I find that people who, either temperamentally or through skill, can stay calm when others are freaking out are excellent in the role of a account manager (AM), or project manager (PM).
When clients are frustrated, the last thing you want is for the emotions of your own staff to enter into the dynamic and escalate things. If the person can take their own emotions out of the equation, and focus purely on a client (and their emotions), you’ll have found a winner.
2. They must be people who can make decisions quickly.
My friends and I in college took the Myers Briggs Type Indicator (MBTI) several times—checking and re-checking to see when and if we had changed our types. While for some people it did change, for others it never did. The last letter in the acronym can be, for those who don’t know the test, either a J or a P.
Myers Briggs puts it this way:
In dealing with the outside world, do you prefer to get things decided or do you prefer to stay open to new information and options? This is called Judging (J) or Perceiving (P).
Trust me when I tell you that in this role, people leaning strongly J are most helpful. Of course that doesn’t mean you want people running around making crazy decisions without any consideration. But you want someone who is comfortable putting a question to bed by making a decision and then moving forward.
3. They must be people who can negotiate.
There will often be a document of scope. There will often be things that are missing from it. There will often be new items a client requests. Sure, you can do a change order for every. single. thing.
But you don’t have to with the right AM or PM. Because if they can negotiate well, they can massage things over with a bit of trade-off decision making. I can’t tell you the number of times a PM has sat with a client and said, “I can get that for you. But…it likely means we’ll have to limit how much we spend on something else, like that for example.”

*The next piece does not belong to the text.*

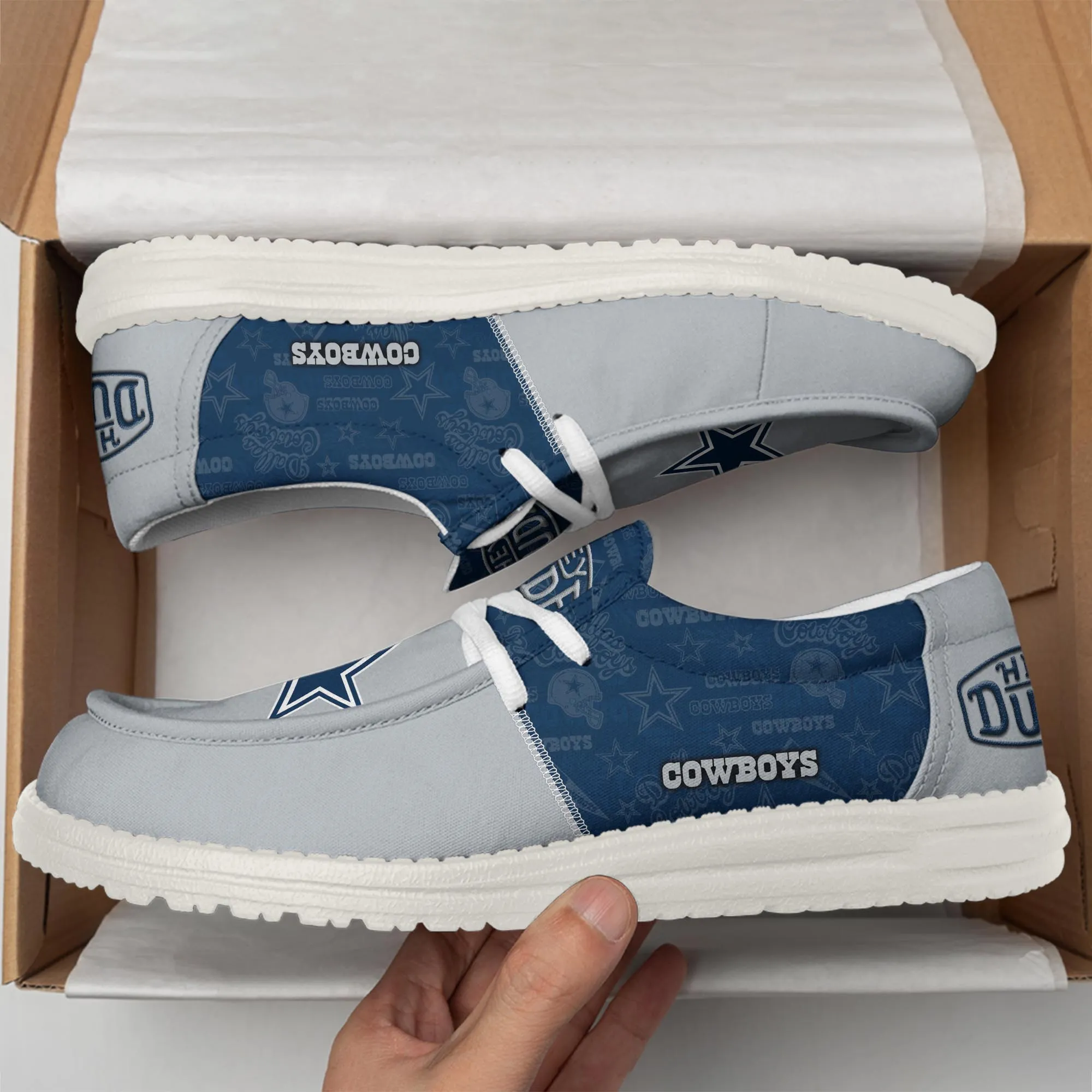 Dallas Cowboys 3D Print Dude Shoes Steel Blue For Men Women

In the end, we cut something the client doesn’t feel is as urgent (even though it was in the initial formal scope), and add something that they do feel is more urgent. All without having to create more paperwork. Or approvals. Or drama.
Conclusion
In short, don’t skimp on this role. This isn’t a role you fill when someone can’t cut it in QA or development. This isn’t a role for the designer to fill in when they’re not designing. This role is a key component in keeping things running smooth in your business. But more importantly, it’s a key component in your ability to earn revenue. So choose carefully and hire well.
Oh, and once you have them, make sure they know how much you appreciate them!